The Eco-Runner XII was the third Urban Concept car of Eco-Runner Team Delft, but the first to participate in this class at the on-track competition of the Shell Eco-marathon in 2022 at TT Circuit Assen. It finished in 1st place, performing with an efficiency of 468 km/m^3, equivalent to 5407 km/kg. That year, the team had improved various aspects of the car design, including an optimized race strategy, a new fuel cell, an in-wheel electric motor, and significant weight reduction. Specifically, 41% weight reduction was achieved with various strategies. These included making the entire body of the car load-carrying, similar to the concept of a Formula 1 car, and replacing many aluminum parts with carbon fiber, a significantly lighter material.

=== Eco-Runner XIII ===
The Eco-Runner XIII was the fourth Urban Concept car of Eco-Runner Team Delft, and set a new Guinness World Record by driving 2488.5 km on 950 grams of hydrogen.

=== Eco-Runner XIV ===
The Eco-Runner XIV was designed, for the first time, to be a street legal hydrogen car, so the car had more than 1300 new regulations to adhere to, some of which were formulated with the help of the RDW. The vehicle class of the car was L7EA2, and it drove 2056 km on 1.45 kg of hydrogen for 3 days, following the route of an annual Dutch ice-skating route: the Eflstedentocht.

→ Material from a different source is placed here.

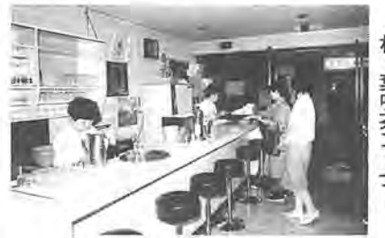
柏っ葉喫茶コーナー

十二月九日(金)は「障害者の日」。障害者や、障害者を取り巻く環境を見つめ直す日です。昭和五十六年の「国際障害者年」以来、障害者に対する社会の反応は、大きく変わってきているように思われます。ボランティアの講座やスクールには、多くの人々が申し込み、盛り上がりを見せているように思われます。しかし、障害者の実際については、教科書で勉強したり、講座を受けただけでは分かりません。実際に触れ合ってみなければ、障害者が何を考え、何に困っているのかが分かりません。今号では、できるだけ障害者の立場に立つた視点から、今、何が問われているのかを考えてみました。結論は出せませんが、皆さんが障害者の問題を考える上での、一助になれば幸いです。

== Shell Eco-marathon results ==

=== Prototype class results ===
The results of the Shell Eco-marathon Prototype class competition are obtained by measuring the amount of hydrogen used per km and converting it to petrol (liters).

| Vehicle | Year | Location | Efficiency (km/L) | Position |
|---|---|---|---|---|
| Eco-Runner 1 | 2005 | Rockingham, England | 557 km/L | Top 5 |
| Eco-Runner H_{2} | 2007 | Nogaro, France | 2282 km/L | N.A. |
| Eco-Runner 3 | 2011 | Rotterdam, Netherlands | 2914 km/L | 2nd |
| Eco-Runner 4 | 2014 | Rotterdam, Netherlands | 3524 km/L | 2nd |
| Eco-Runner 5 | 2015 | Rotterdam, Netherlands | 3653 km/L | 1st |
| Eco-Runner 6 | 2016 | London, United Kingdom | 1992 km/L | 3rd |
| Eco-Runner 7 | 2017 | London, United Kingdom | - | D.N.F. |
| Eco-Runner 8 | 2018 | London, United Kingdom | 2028 km/L | 3rd |
| Eco-Runner 9 | 2019 | London, United Kingdom | 1987 km/L | 3rd |

=== Urban Concept class results ===
The results of the Urban Concept class are presented in the following table.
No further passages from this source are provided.